Они хотели испытать пророка, но он понял их и ответил им твердо:

«Благостна слава достойных славы; но должно быть уменьшено то, что заслужило уменьшения. Ибо и самого славного радует только истинная мера славы».

Тогда ангелы, пораженные его мудростью, воскликнули, вставая с мест:

«Воистину сам Бог утешит тебя! Мы же поклоняемся тебе».

Они были темны и стояли в темном шатре. Но глаза их сияли, и пророк видел звездное сияние их глаз. Они отошли в ночь, как тени, чуть склонясь при выходе из шатра. Пророк же остался один среди ночи и пустыни, лежа на земле. И когда взошло солнце из-за каменистых гор, и стало светло и жарко в шатре, пророк, чувствуя великую жажду отдыха в прохладе, оставил свое ложе и пошел в долину среди гор, ища тени. Но и в долине уже не было ее. В недрах же одной горы была пещера. И вот два невольника острыми кирками осекают вход в пещеру. Камни у входа были белы, как снег горный, и горячи от солнца. И черные волосы медноликих невольников и повязки вокруг чресл их были мокры от пота. Но два свежих плода, два яблока лежало на камне возле пещеры, а в пещере были мрак и прохлада. И сказали работавшие, опуская кирки:

«Приветствуем тебя, господин и вождь, во имя бога милостивого, милосердного. Вот мы кончили свой труд».

И пророк спросил их:

«Кто вы и что вы делали?»

Они же ответили ему:

«Мы готовили для царя кладохранительницу. Войди, взгляни и отдохни от пути и зноя. Уста свои освежи плодами и скажи нам: какой слаще из них?»

И, войдя в пещеру, пророк сел на каменное ложе у стены ее и почувствовал тень и прохладу. И, откусив первого плода, сказал:

«Воистину это сама жизнь: я пью ключевую воду, я обоняю благоухание полевых цветов и чувствую вкус осиного меда. Я бодр и силен».

И, откусив второго, воскликнул:

«Воистину это ни с чем несравнимо: я пью вина райские, запечатанные печатью из мускуса, смешанные с водой источника, утоляющего жажду тех, что приближаются к Вечному. Я обоняю аромат Сада небесного и чувствую вкус меда из цветов его: в этом меде нет горечи. И вот, сон блаженный туманит мне голову. Не будите меня, невольники, доколе не исполнится мой срок».

И невольники, — это были невольники божии, — стали тихо продолжать затихающую речь его:

«Доколе, — сказал первый, читая суру о Великой Вести, — доколе солнце не будет согнуто, не падут с неба звезды, не сдвинутся с места горы, не будут покинуты верблюдицы, не соберутся в стаи дикие звери, не закипят моря…»

«Я Син, — сказал второй, читая суру Отходную. — Слава царствующему надо всем миром!
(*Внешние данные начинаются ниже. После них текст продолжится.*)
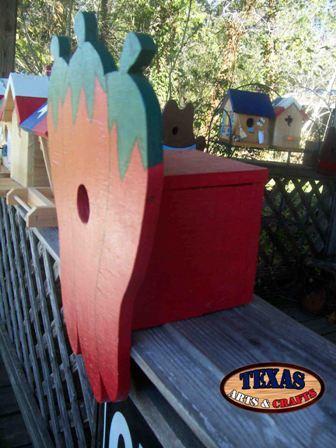 Chili Pepper Bird House We hand make an item called the Chili Pepper Bird House. We build the bird house out of cedar in our workshop. The bird house is cut out in the shape of Chili Peppers. The bird house is hand painted red with a green stem at the top. The birds seem to really like this bird house. Some of the birds that will nest in this box are American Kestrel, the Great Crested Flycatcher, Wrens, Chickadees, Nuthatches, Titmice, Swallows, and Woodpeckers. For more information about these birds go to Backyard Birds. The dimensions are 16 inches tall by 11 inches wide by 7 inches deep. The bird house weighs approximately 3.75 pounds with packaging. For the continental U.S. shipping and handling is included in the listed price. For shipping outside the continental U.S. please contact us through our Contact Us page. Price $50.00 (Price Includes Shipping) Home Contact Us Privacy Policy FAQ About Us Purple Martin Bird House Blue Bird House Texas Crafts Farm House Bird House Cactus Bird House Hat Bird House |
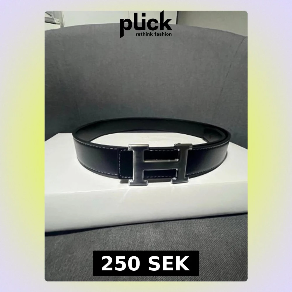 Snyggt svart skärp med en bred rem och ett stort, metalliskt H-format spänne. Skärpet har vita sömmar längs kanterna som ger en clean kontrast. Perfekt accessoar för att lyfta vilken outfit som helst.
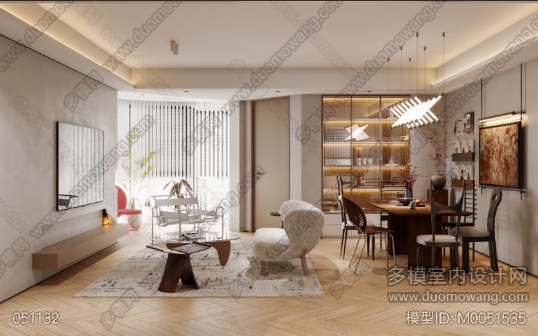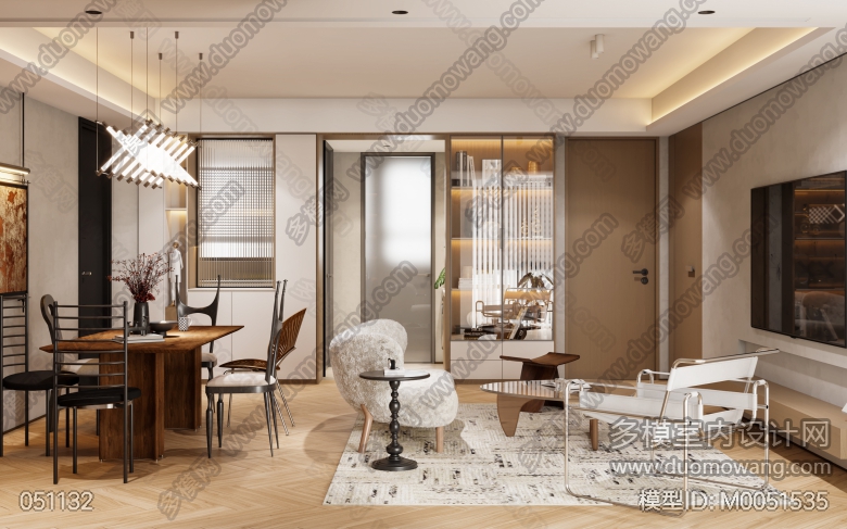 现代原木风客餐厅卧室 ID:M0051535
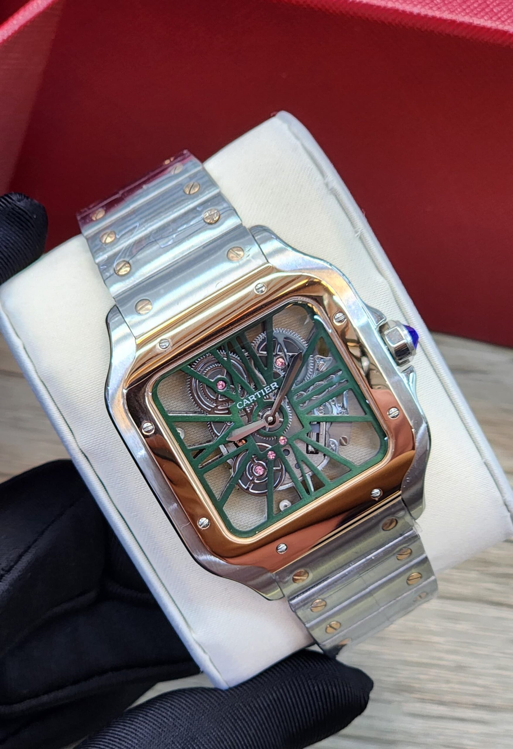 Be the first to review “Cartier Santos, green skeleton dial and Rose gold bezel Silver Perselect”
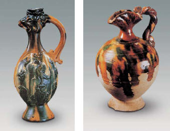 (左)三彩凤首陶瓶 (右)三彩叶口壶 唐代胡瓶,

Вы все возвратитесь к нему…»

И, слушая невольников, их тихое, мерное чтение, пророк возлег на ложе и опочил сном смерти, не ведая того. И они укрыли вход в могильную пещеру и отошли к господину, посылавшему их. И приложился пророк к народу своему, насыщенный днями и не заметив конца своих дней. Никто, даже доныне, не созерцал его могилы в горах Моава. Но мудрость его запечатлена в памяти всех народов и записана на небесах в книге вечной — Гилльюн.

Шейх Саади, — да будет благословенно его имя! — шейх Саади, — много его жемчужин нанизали мы рядом со своими на нитку хорошего слога! — рассказал нам о человеке, испытавшем сладость приближения к Возлюбленному. Человек этот был погружен в созерцание; когда же очнулся он, спросили его с ласковой усмешкой: «Где же цветы из сада мечты твоей?» И человек ответил: «Я хотел набрать для друзей моих целую полу роз; но, когда я приблизился к розовому кусту, так опьянил меня аромат его, что я выпустил ее из рук».

Кто может, тот свяжет рассказ поэта с нашим. Мир и радость всем живущим!

Капри. 1911

Снежный бык*

В час ночи, зимней, деревенской, до кабинета доносится из дальних комнат жалобный детский плач. Дом, усадьба село — все давно спит. Не спит только Хрущев, Он сидит читает, порою останавливает усталые глаза на огнях свечей: — Как все прекрасно! Даже этот голубой стеарин!

Огни, их золотисто-блестящие острия с прозрачными ярко-синими основаниями, слегка дрожат, — и слепит глянцевитый лист большой французской книги. Хрущев подносит к свече руку, — становятся прозрачными пальцы, розовеют края ладони. Он, как в детстве, засматривается на нежную, ярко-алую жидкость, которой светится и сквозит против огня его собственная жизнь.

Плач раздается громче, — жалобный, умоляющий.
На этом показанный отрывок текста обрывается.